**What the exercise asks**
The response must be the exact lines from the line holding "Le pape François" through the end of the entries, with no pictures and nothing else.

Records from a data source
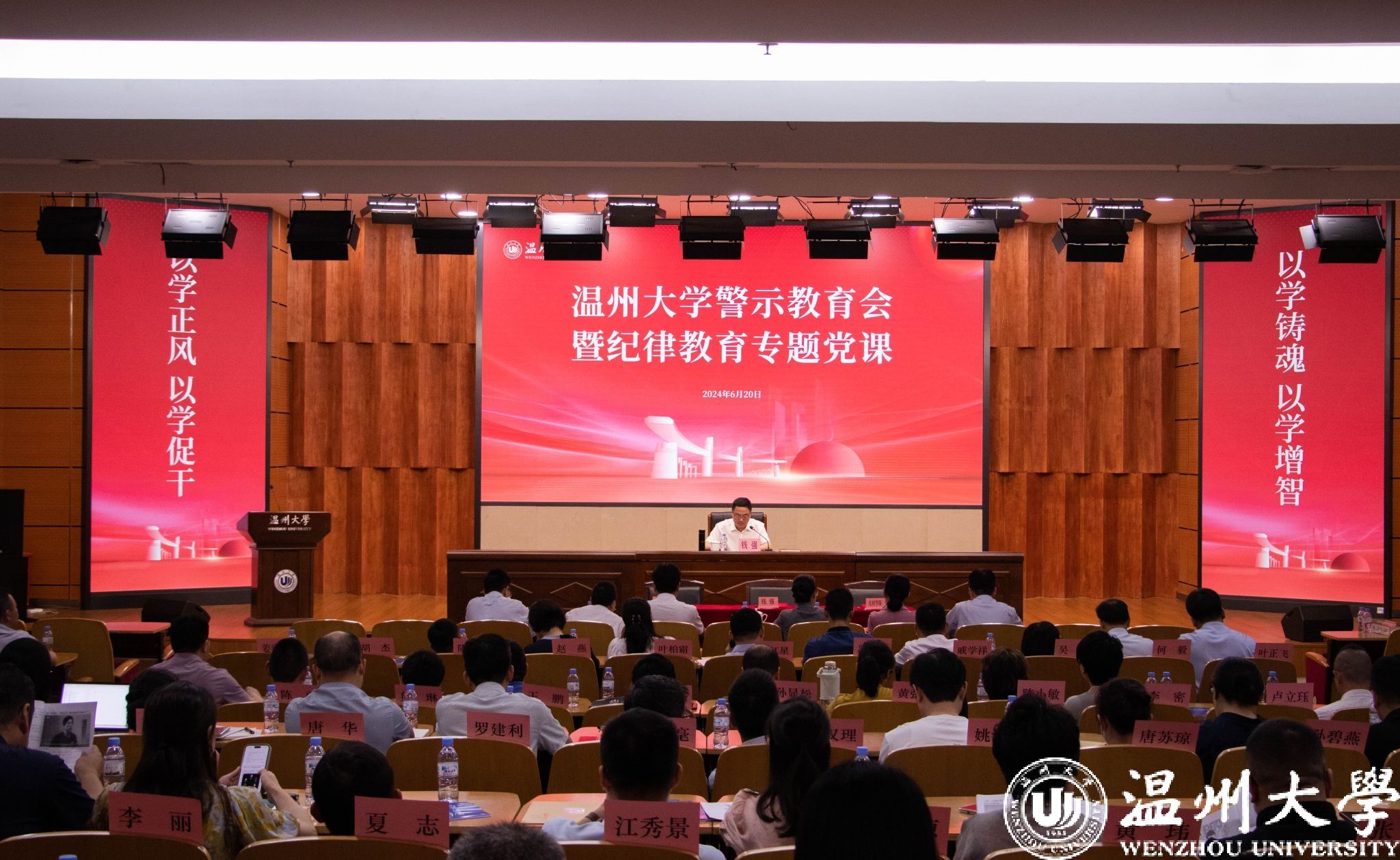钱强讲授纪律教育专题党课并讲话。他指出,习近平总书记关于全面加强党的纪律建设的重要论述为我们开展党纪学习教育特别是警示教育立起了政治标准、提供了思想武器、明确了实践要求。我们要原原本本学、循迹溯源学、带着感情学,深刻领会加强纪律建设是全面从严治党的治本之策的重要论述,准确把握加强纪律建设的重大意义;党纪学习教育开展以来,全校各级党组织和广大党员干部根据部署要求,扎实开展“潜心学纪、笃行知纪、立规明纪、知戒守纪、正风肃纪”五大行动,取得了实实在在的成效;把纪律教育作为学校新一届中层干部首次集中学习活动的主题,带领干部进一步树牢纪律意识、严守党纪要求、加强警示教育,非常及时,很有必要。
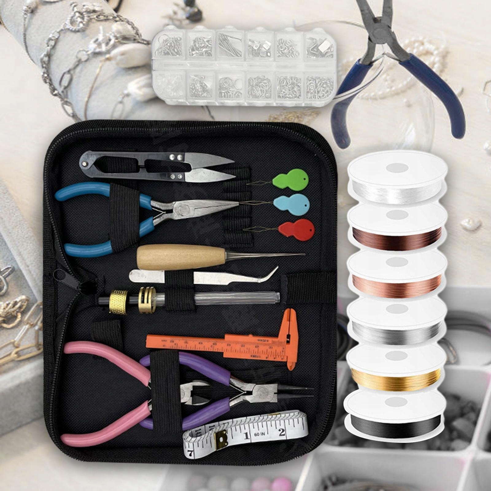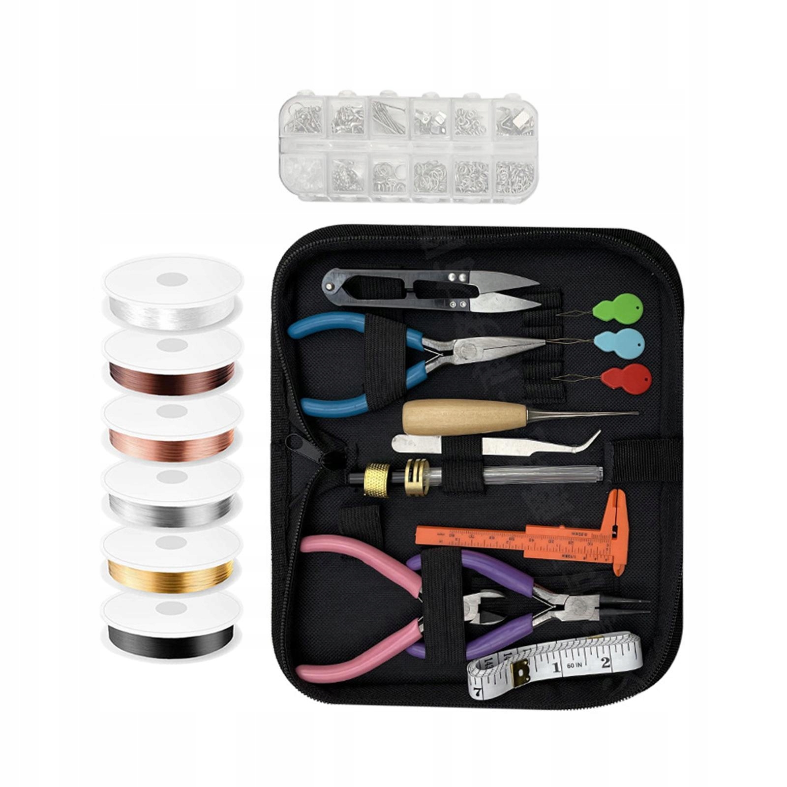 [всебічні]: Ці матеріали для виготовлення ювелірних виробів включають 3 ювелірні плоскогубці, 5 мідних дротяних валиків, 1 прозора струна з намистинами, 6 шт. ножиці. Набір також включає міру, нитки та корпус, який полегшує зберігання. Кожна з них оснащена подвійною пружиною та нею ручками, що забезпечують безпечне та ефективне використання. Чорний. Ці матові дроти ідеально підходять для створення кольє, браслетів, сережок або інших ювелірних дизайнів. 6 мм/8 мм), карабіни, стилетки з вушками, вушками з вушками, намистинами, сережками, гачками, стрічками тощо, що забезпечує всі необхідні елементи для створення прекрасних творів. ]: Виготовлений з високоякісного металу, він тривалий час служить, і в той же час забезпечує зручність наявності всіх інструментів на місці.
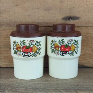 Vintage 1970s Spice of Life Sterilite Salt and Pepper Shakers.
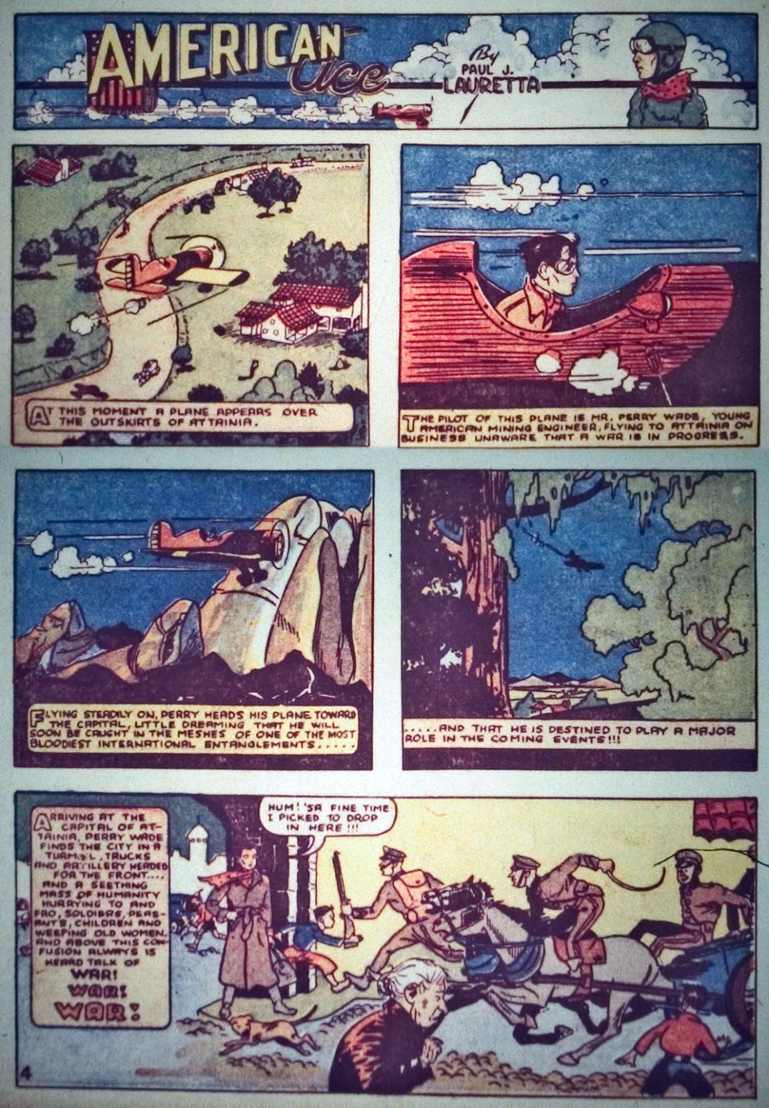 Poor American Ace. He gets two stories in Marvel Mystery Comics, in this issue and the next, and then he’s canceled. The artist, Paul J Louretta took the character over to Centaur Comics where, with a quick name change, Perry Wade becomes Lieutenant Lank, and he gets two more adventures.
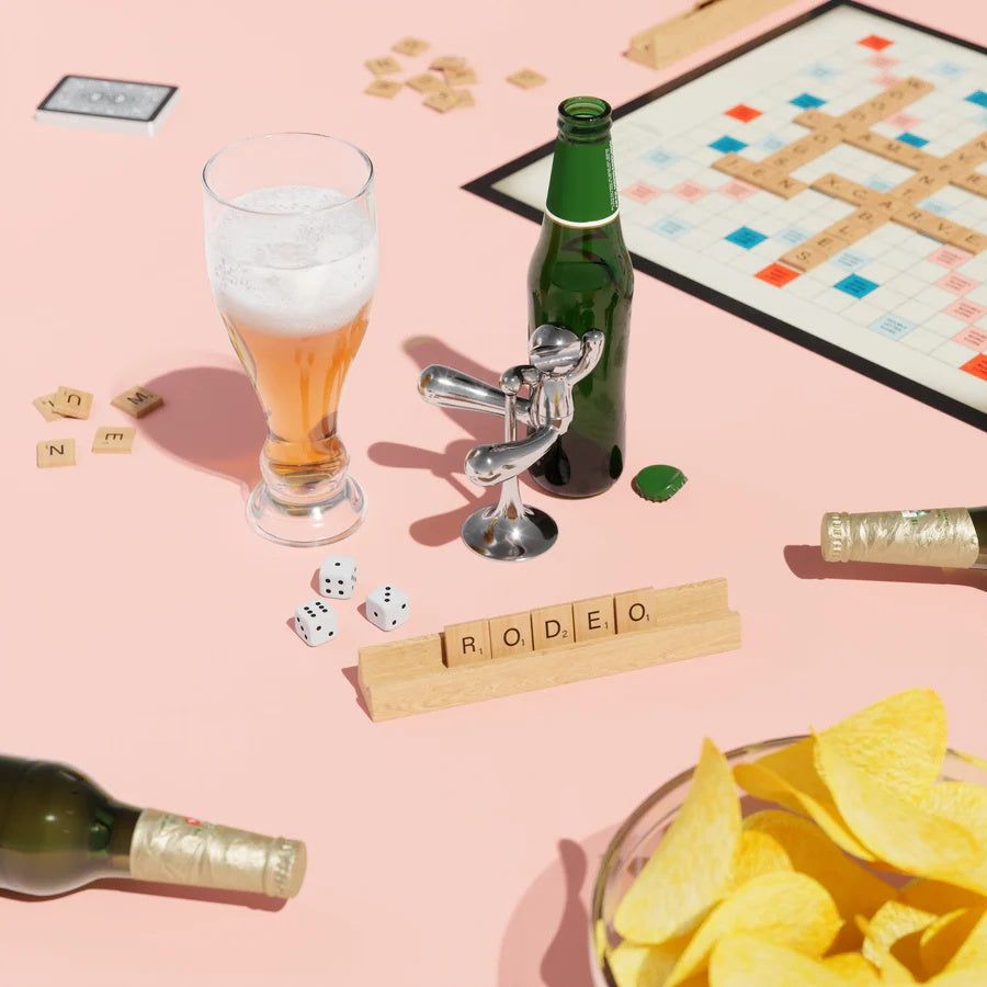 Balanced and High-Quality: Balanced on its built-in display stand. Crafted from cast metal with a polished chrome finish, the Rodeo Buddy is a high-quality bottle opener designed for durability and a long-lasting shine. A great conversation starter: The Rodeo Buddy is an interactive conversation piece that adds a whimsical, modern touch to your space; it makes the perfect gift.
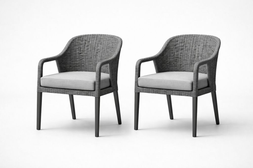 Lot de 2 fauteuils en résine tressée et aluminium avec coussins
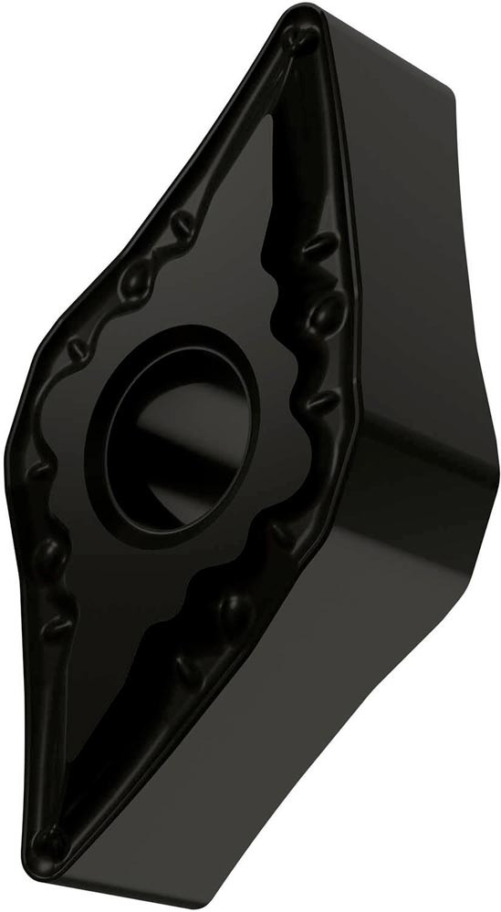 Doppelseitige negative Drehwendeschneidplatte · 55° Rhombisch mit Innenkreisdurchmesser von 9.525mm · 4.76mm Dick · 0.8mm Radius · Indexgenauigkeit nach ISO-Toleranzklasse-M · Spanbrecher FM mit verrundeter Schneidkante · im Substrat T9325 · MT-CVD beschichtet functionally graded WC-Co carbide im ISO-Bereich P15 -P35 · zum schlichten bis medium bearbeiten von Stählen
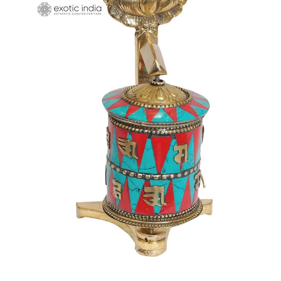 ล้ออธิษฐานของชาวพุทธทิเบตทำด้วยมือขนาด7นิ้วพร้อมแจกัน (ashtamangala) ของตกแต่งบ้านทำจากทองเหลืองจากอินเดียสำหรับเป็นของขวัญ
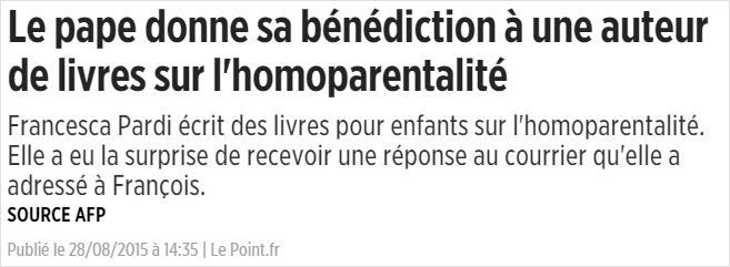 Le pape François a envoyé sa bénédiction à Francesca Pardi, auteur et éditrice de livres pour enfants sur l'homoparentalité en Italie, qui lui avait fait parvenir ses livres décriés par une partie des catholiques. Le Vatican a cependant pris soin de préciser qu'il s'agissait d'une correspondance privée qui ne remettait pas en cause la doctrine de l'Église condamnant la "théorie du genre".
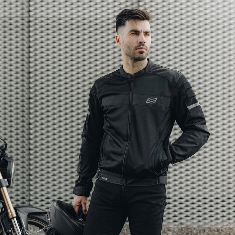 Kurtkę motocyklową DART zaprojektowano z myślą o wygodzie. Duże panele mesh z przodu, z tyłu oraz na rękawach gwarantują doskonałą cyrkulację powietrza i odprowadzanie wilgoci, dzięki czemu kurtka idealnie sprawdzi się w upalne dni. Na barkach i łokciach ma certyfikowane ochraniacze CE-Level 1. Jest regulowana na biodrach i w rękawach. Dodatkowym plusem kurtki są pojemne kieszenie.
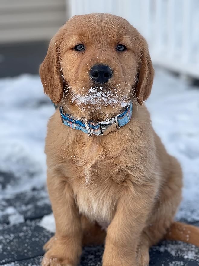 Lionet Paws Boy Dog Collar, Comfortable Adjustable Cute Blue Plaid Collar with Metal Buckle for Male Dogs Gift, Large, Neck 16-24 inches
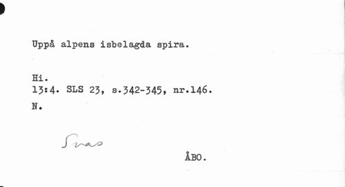 //// Uppå alpens isbelagda spira. Hi. //// 13:4. SLS 23, s.342-345, nr.146. //// N. //// ÅBO. ////
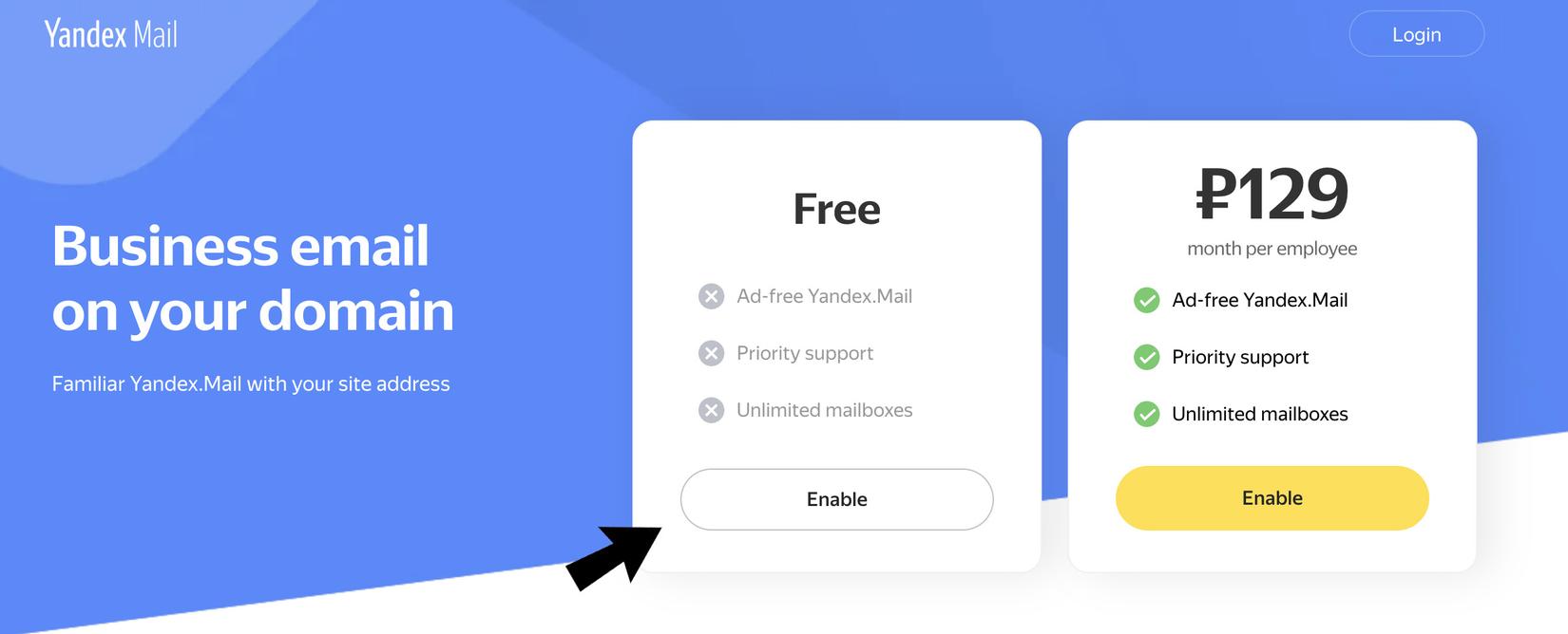 Tiếp theo :mọi người chọn ‘Enable‘ tại cột ‘Free‘ . Yandex sẽ tự động chuyển hướng mọi người tới trang ‘Welcome’ như hình dưới :

**Output**
 Le pape François a envoyé sa bénédiction à Francesca Pardi, auteur et éditrice de livres pour enfants sur l'homoparentalité en Italie, qui lui avait fait parvenir ses livres décriés par une partie des catholiques. Le Vatican a cependant pris soin de préciser qu'il s'agissait d'une correspondance privée qui ne remettait pas en cause la doctrine de l'Église condamnant la "théorie du genre".
 Kurtkę motocyklową DART zaprojektowano z myślą o wygodzie. Duże panele mesh z przodu, z tyłu oraz na rękawach gwarantują doskonałą cyrkulację powietrza i odprowadzanie wilgoci, dzięki czemu kurtka idealnie sprawdzi się w upalne dni. Na barkach i łokciach ma certyfikowane ochraniacze CE-Level 1. Jest regulowana na biodrach i w rękawach. Dodatkowym plusem kurtki są pojemne kieszenie.
 Lionet Paws Boy Dog Collar, Comfortable Adjustable Cute Blue Plaid Collar with Metal Buckle for Male Dogs Gift, Large, Neck 16-24 inches
 //// Uppå alpens isbelagda spira. Hi. //// 13:4. SLS 23, s.342-345, nr.146. //// N. //// ÅBO. ////
 Tiếp theo :mọi người chọn ‘Enable‘ tại cột ‘Free‘ . Yandex sẽ tự động chuyển hướng mọi người tới trang ‘Welcome’ như hình dưới :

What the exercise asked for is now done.